Expectation Operator on a Matrix
The expected value of matrix $A$, $E(A)$, is just a matrix containing the expected values of the elements of the matrix $A$, as has already been mentioned.
Moreover, a number has no expected value, being a constant. The expression $E(XX^T)$ refers to the $X's$ viewed as random variables, and not as the specific realizations that you have available.
So the expression in the upper most left corner will be $$E(X_0X_0) = E(X_0^2)$$ but you are not supposed to insert in place of $X_0$ the actual value $x_0$ you have available as a realization of the random variable $X_0$. This is a theoretical expression.
If you want to obtain an estimate of these expected values, you have to invoke the covariance-stationarity assumption. When processes are stationary, any continuous transformation or combination of them is also stationary, and also, sample means are consistent estimators of theoretical moments.

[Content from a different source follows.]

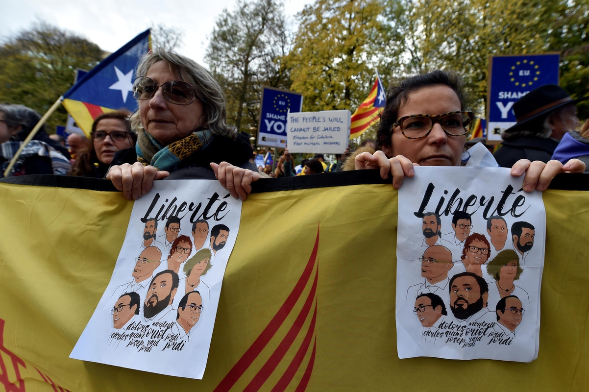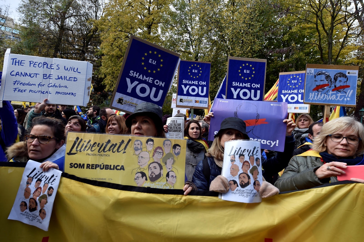 Protestas, kuris buvo surengtas keli metrai nuo pagrindinių Europos Sąjungos institucijų, įvyko kitą dieną po to, kai šimtai tūkstančių katalonų protestavo prieš regiono pareigūnų įkalinimą už jų siekį paskelbti Katalonijos nepriklausomybę.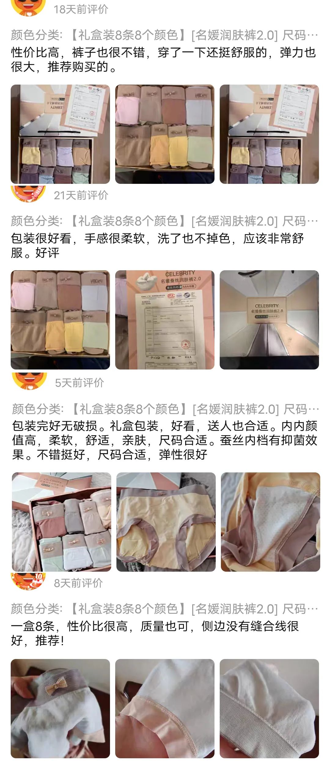 1、蚕丝内档,AAA级抑菌,吸湿透气,呵护私处健康。2、50s精梳棉材质,亲肤柔软,中腰宽边&蜜桃臀设计收腹包臀,高弹不勒。3、8条家庭装,礼盒包装,马卡龙配色,不易勾丝、不易起球。1、

Covariance stationarity implies $E(X_0^2) = E(X_1^2)=... =E(X_n^2)$
Define $Z_0= X_0^2$ etc. Then $E(Z_0) = E(Z_1^2)=... E(Z_n^2)$, and the $Z$'s are stationary. If they are stationary, the expression
$$\frac 1{n+1} \sum_{i=0}^{n}z_i \rightarrow_p E(Z_0)= E(X_0^2)$$
and the lowercase letters denote the actual realizations, the data sample you have available.
Moreover, covariance stationarity implies not necessarily that the covariances are constant through time, but that they only depend on the distance between two elements, and not on their exact position in the sequence (i.e. not on the time index). So a priori you assume that, for example, $E(X_0X_1) = E(X_1X_2) =...= E(X_{n-1}X_n)$. If you want to estimate this one-step covariance, by the same argument as before, you can calculate
$$\frac 1{n} \sum_{i=1}^{n}x_ix_{i-1} \rightarrow_p E(X_1X_2)$$
Note that the longer the gap between two variables, the more information from your sample you are going to lose in estimating their covariance.
Finally note that the expression $E(XX^T)$ is the (auto)covariance matrix only if the $X$'s have zero expected value.